Parliament's portfolio committee on justice on Wednesday adopted a report recommending the National Assembly ratify the increase, recommended by the commission for the remuneration of public office bearers last year.

It is expected to do so on Thursday, which will see magistrates paid their increases backdated from April last year.

The magistracy is at odds with the commission and the president on the issue, and has been trying to force a review of the commission's allocations for the past two years, on the basis that they were not properly consulted.

The Association of Regional Court Magistrates of Southern Africa successfully challenged the commission's 2011 recommendation and won a court order that the president review his decision to approve it.

That matter has now been taken to the Constitutional Court and a ruling is expected soon.

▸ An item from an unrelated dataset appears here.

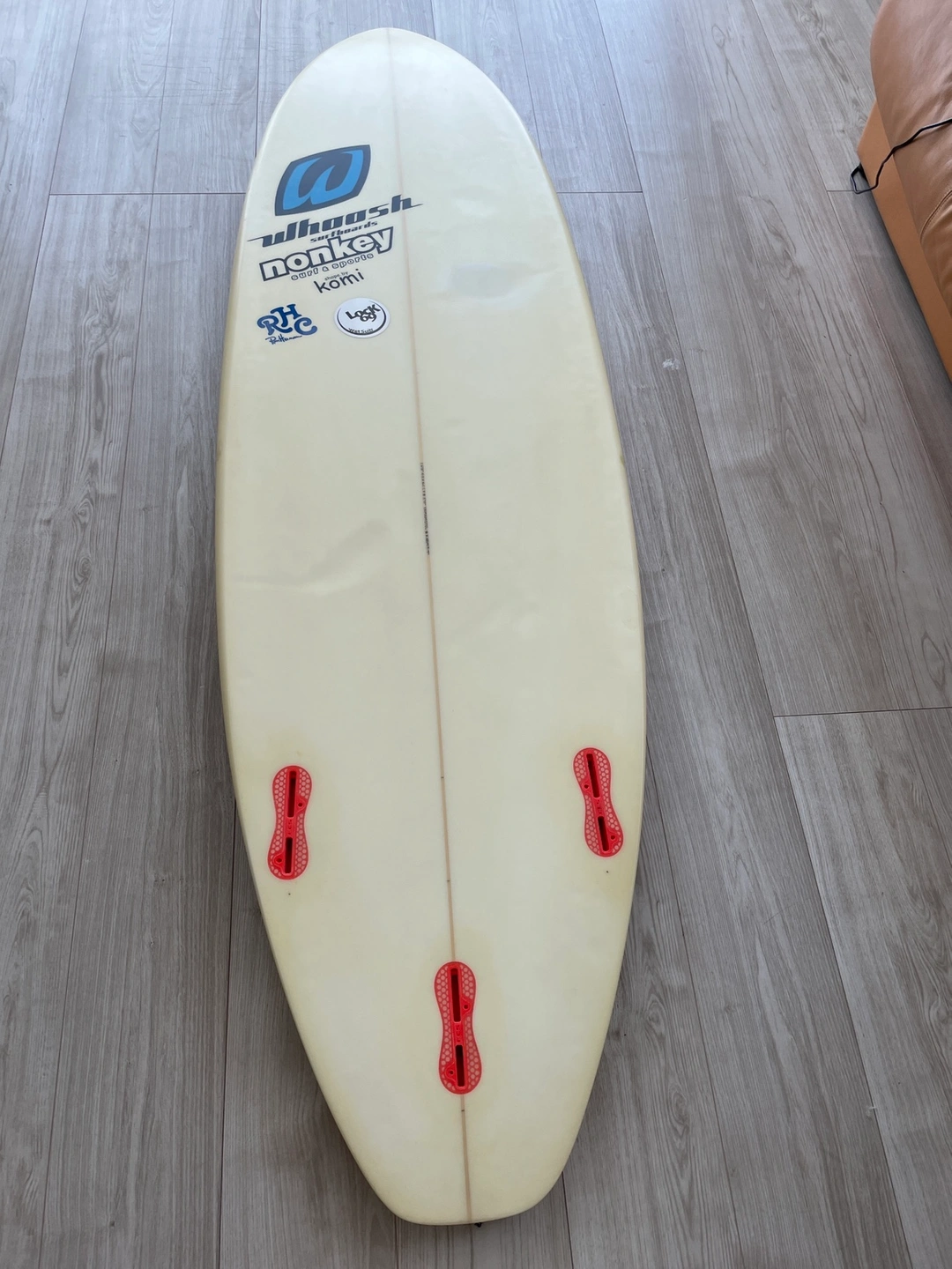 千葉鴨川のプロショップ、ノンキーにてオーダーしたボードでサイズは5.11,48,6.1で日焼けによる黄ばみはありますがショップにてリペア済みで直ぐに使用出来ます。 EPS故に軽くセンターで厚みを出しつつレールをテーパー気味に更にノーズ・テール共にロッカーを押さえてありますのでテイクオフが早く、小波やマッシーな波でも切り返しが楽で良く走ります。 *以前、送料でのトラブルがありましたので東京都内での手渡しを希望します。   御質問等ありましたらお気軽にどうぞ 【ブランド】whoosh 【カテゴリ】ショートボード 【商品の状態】傷や汚れあり 【サイズ】5'11" 【素材】EPS 【カラー】ホワイト系 フォーム素材···EPS フィンシステム/フィンボックス···FCS フィン本数···トライフィン

In the meanwhile, the Judicial Officers' Association of SA (Joasa) has threatened to bring lower courts to a standstill from Monday.

 It said its members - who account for more half of the country's roughly 2 000 magistrates - would hear only postponements for a week.

Moreover, Joasa said in a newsletter this week that unless its demands were met it would step up the strike action.

The portfolio committee said in its report on Wednesday that it took a "dim view" of what would, in its view, be an illegal industrial action.

"This cannot be supported; no matter what the level of frustration, it is unacceptable that the public be disproportionately prejudiced in this way."

Recommendations queried

The committee had grappled with a request by the two magistrates' associations that it query the commission's recommendations.

But it concluded that its powers did not extend beyond approving or disapproving the commission's recommendation, and that doing otherwise would create a conflict of interests because the commission also determined the salaries of MPs.

"The committee understands its role to be limited... it is in no position, nor does it feel that it would be appropriate, for it to interrogate the recommendations of the independent commission."

However, MPs from both the ANC and the DA noted it might yet have to reconsider its position if the Constitutional Court, in its upcoming judgment, passed comment on the matter.

"The Constitutional Court might have a view on our role... if that happens we will have to change our view," DA MP Dene Smuts said.

Magistrates argue that their responsibilities have been extended by post-democratic legislation.

They want a single pay structure for the judiciary; one that would have their salaries and benefits put on the same sliding scale as those of judges.